## Information supplied
=== Begin Enclosure ===

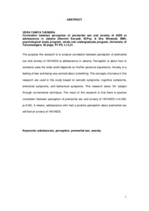 Yunita Tjendra, Vera (2010) Hubungan antara persepsi mengenail seks pranikah dengan kecemasan mengidap AIDS pada remaja madya di Jakarta. Skripsi thesis, Universitas Tarumanagara.
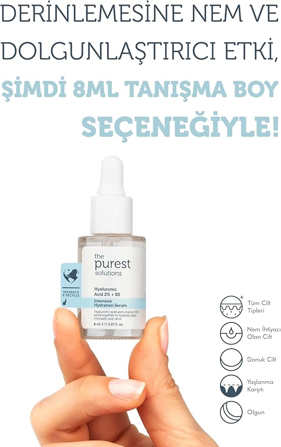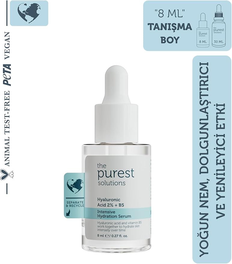 Purest Solutions Yoğun Nemlendirme ve Dolgun Görünüm Etkili Yenileyici Hyalüronik Asit Cilt Bakım Serumu, Seyahat Boy 8 ml
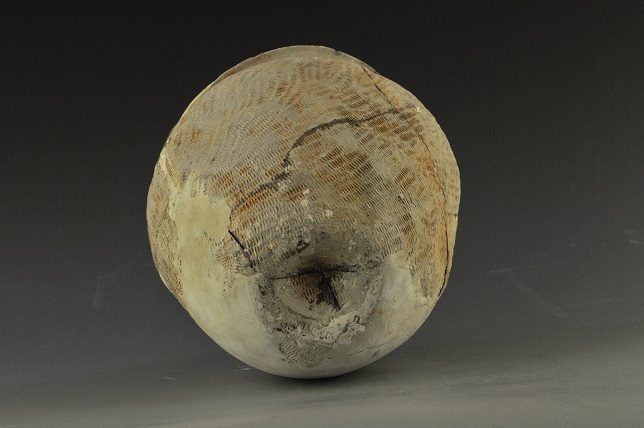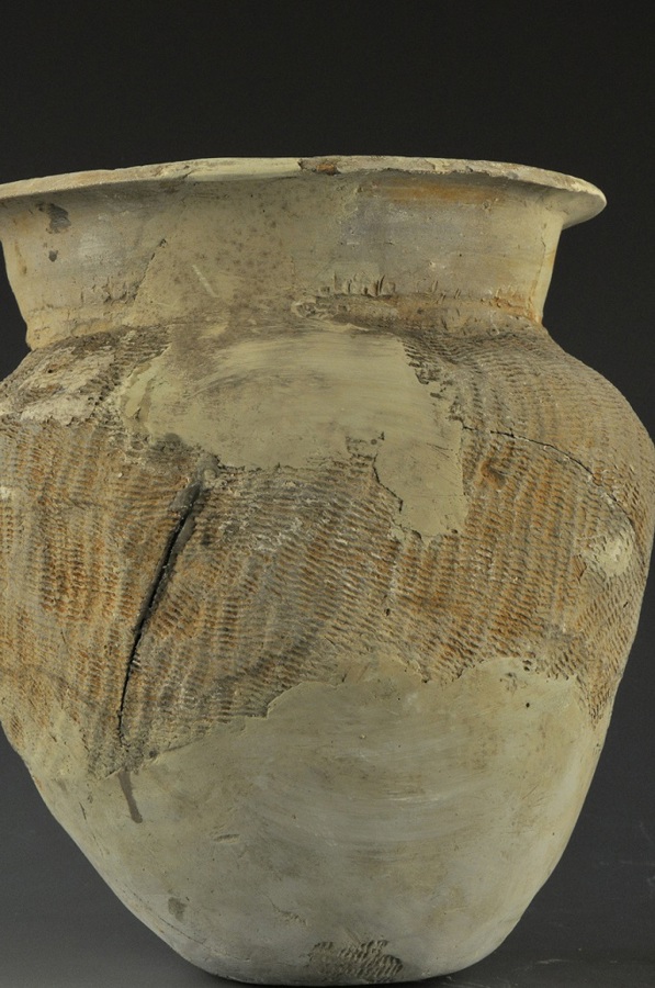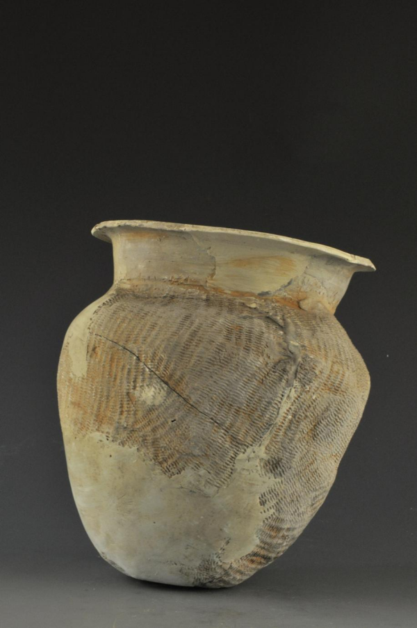 形态特征:宽板沿口,方唇,束颈,折肩,圆腹渐下收至底,平底微凹,器身以印纹为装饰,沿口至颈部有裂纹,1987年抚北镇商代遗址中出土。

=== End Enclosure ===

## What is required
Copy the material above in full and exactly, skipping pictures.

## Exercise result
 Yunita Tjendra, Vera (2010) Hubungan antara persepsi mengenail seks pranikah dengan kecemasan mengidap AIDS pada remaja madya di Jakarta. Skripsi thesis, Universitas Tarumanagara.
 Purest Solutions Yoğun Nemlendirme ve Dolgun Görünüm Etkili Yenileyici Hyalüronik Asit Cilt Bakım Serumu, Seyahat Boy 8 ml
 形态特征:宽板沿口,方唇,束颈,折肩,圆腹渐下收至底,平底微凹,器身以印纹为装饰,沿口至颈部有裂纹,1987年抚北镇商代遗址中出土。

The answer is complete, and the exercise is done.